I am self-learning abstract algebra via Aluffi's Chapter 0. I was just curious if someone could proofread this proof and let me know if you think it is correct / rigorous enough (Note that I only proved the rows to keep this post short). Thank you, I would appreciate any feedback.
Exercise: Aluffi II.1.5
The 'multiplication table' of a group is an array compiling the results of all multiplications $gh$:
* |e ... h ...
---+---------------
e |e ... h ...
...|... ... ... ...
g |g ... gh ...
...|... ... ... ...
(Here $e$ is the identity element. Of course the table depends on the order in which the elements are listed in the top row and leftmost column.) Prove that every row and every column of the mulitplication table of a group contains all elements of the group exactly once (like Sudoku diagrams!).
My proof for rows.
Consider a row of group $G$'s multiplication table by fixing a column element $g \in G$. We can use this row to define a set $R_g = \{ gh : h \in G \}$. To prove that every row contains every element of $G$ exactly once, it suffices to show (1) $R_g = G$ and (2) Each entry in the row contains a unique element of $G$.

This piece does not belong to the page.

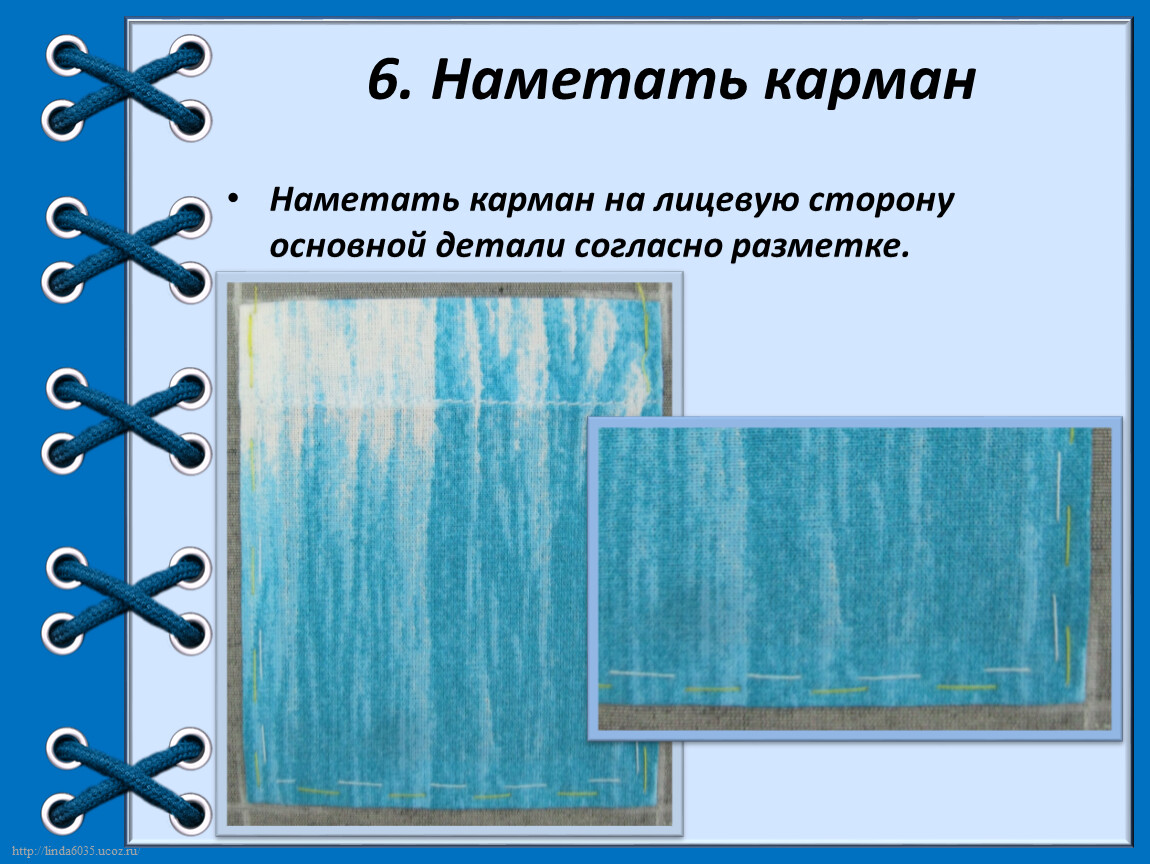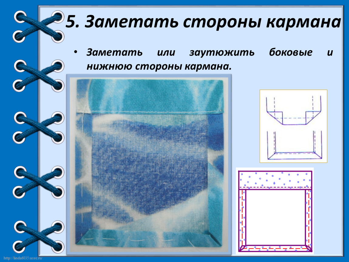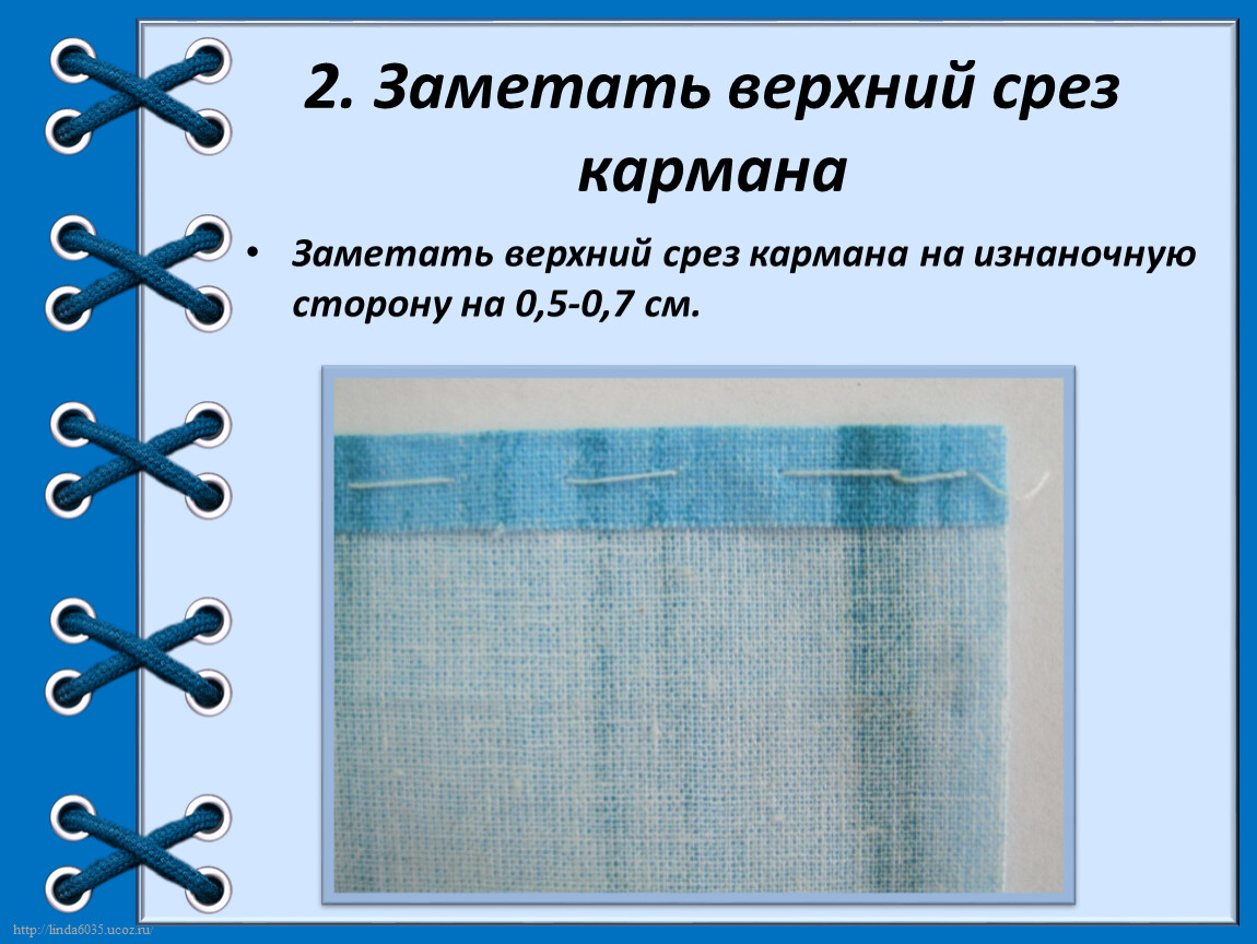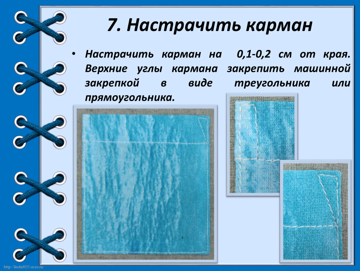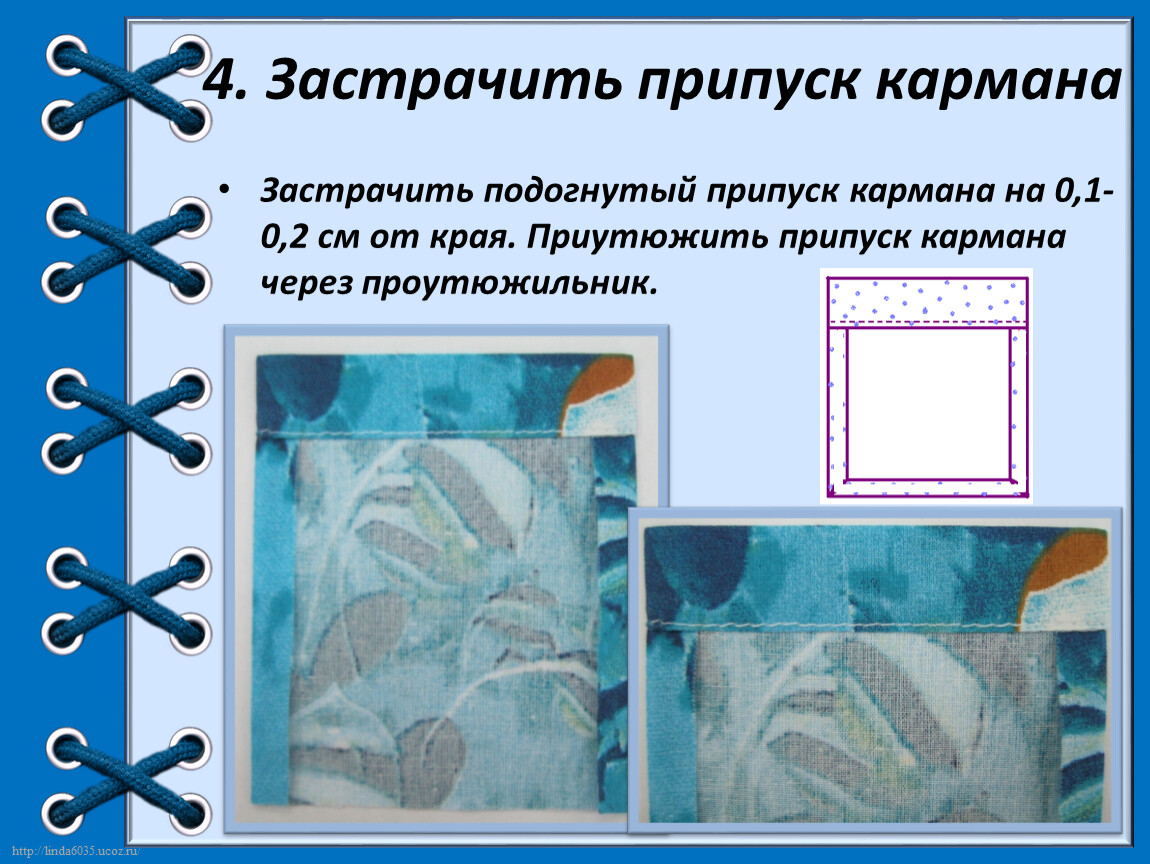 Настрачить карман на 0,1-0,2 см от края. Верхние углы кармана закрепить машинной закрепкой в виде треугольника или прямоугольника.

(1) To prove $R_g = G$, we show that $R_g \subseteq G$ and $Rg \supseteq G$.
( $\subseteq$ ) Let $k \in R_g$. By definition of $R_g$, $k = gh$ for $g, h \in G$. Since $gh \in G$ by closure of groups, it follows that $k \in G$.
( $\supseteq$ ) Let $k \in G$. Every element of $G$ has an inverse, so certainly $g^{-1}k \in G$. Then $g(g^{-1}k) \in R_g$ by definition of $R_g$.
Then $g(g^{-1}k) = (gg^{-1})k = ek = k \in R_g$, where the first equality holds by associativity of elements in $G$.
So $R_g = G$ as desired.
(2) To prove that the row corresponding to $g$ contains all elements of $G$ exactly once, consider two entries $gh$ and $gk$ for $h, k \in G$. Note that $gh = gk \Leftrightarrow h = k$. But by construction of the multiplication table, there is only one entry for each element of $G$. Thus, entries are unique.
With (1) and (2) it follows that each row of $G$'s multiplication table contains all elements of $G$ exactly once. $\square$
Best Answer
This looks OK but you're making a mountain out of a molehill, this is a one-liner.
Suppose a group has distinct elements $a,b,c,d$, and $ab=d$ and $ac=d$ then $b=a^{-1}ab=a^{-1}d=a^{-1}ac=c$. So the multiplication table for $a$ cannot contain duplicates, and hence must contain all of the elements exactly once.
(The condition $ab=d$ and $ac=d$ is equivalent to having two identical elements ($d$) in the multiplication table for $a$. This is a "proof by contradiction".)